Вероисповедание: Православие
Рождение: 21 декабря 1867(1867-12-21)
Москва, Российская империя
Смерть: 10 декабря 1937(1937-12-10) (69 лет)
Москва, СССР
Отец: Александр Павлович Головин (1808-1874)
Партия: Конституционно-демократическая партия
Образование: Московский университет
Профессия: Юрист
 
Автограф:

Фёдор Алекса́ндрович Голови́н (18671937) — председатель Государственной Думы Российской империи второго созыва, земский деятель, один из основателей партии кадетов и член её ЦК.





Биография

Ранние годы

Головин родился 21 декабря 1867 года в старинной дворянской семье Александра Павловича Головина (1808—-1874) ведущего свой род от владетелей княжества Феодоро. Русский, православного вероисповедания. Окончил курс в университетском отделении московского Лицея памяти цесаревича Николая (1887)[1] и юридический факультет Московского университета (1891). Титулярный советник. После учёбы начал выступать на поприще общественной деятельности.

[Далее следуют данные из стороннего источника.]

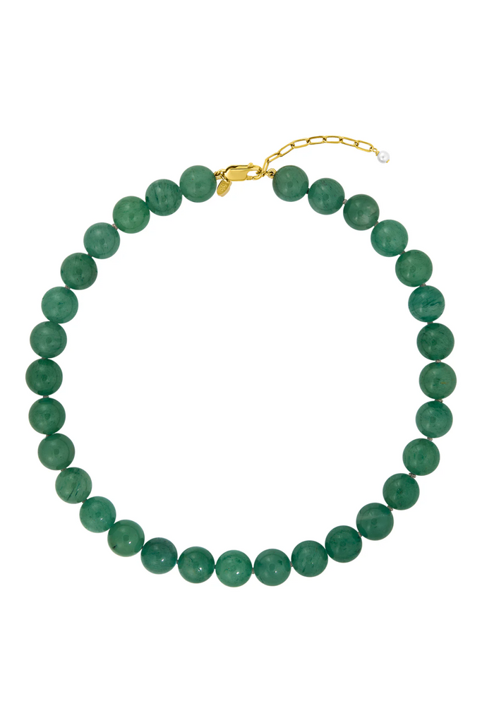 Hand-knotted with 12mm faceted semi-precious stone beads and finished with an 18k gold plated sterling silver clasp. Adjustable 16-18" length.

Впоследствии Головин вспоминал:
Еще в очень молодые годы, прямо со школьной скамьи, мне пришлось исправлять должность предводителя дворянства Дмитровского уезда Московской губернии. Детство, отрочество и раннюю юность я проводил в нашей семье, которая жила очень уединенно. У нас было мало знакомых, почти никого родных. Я боялся людей, был застенчив до крайности, краснел до слез часто без причины, боялся говорить в обществе и даже в своей семье, за что и получил прозвище «лицо без речей». И вот таким-то дикарем я сразу попал в председатели всевозможных уездных учреждений, совершенно незнакомый с местными деятелями и даже с порядком и техникой ведения заседаний.

Я купил себе книгу «Памятная книга для уездного предводителя дворянства», сочинение князя Трубецкого, и по ней стал готовиться к каждому заседанию, на котором должен был председательствовать, а также постарался узнать что мог от старого нашего предводителя П.В.Бахметьева, как следует себя держать на заседаниях и как их вести.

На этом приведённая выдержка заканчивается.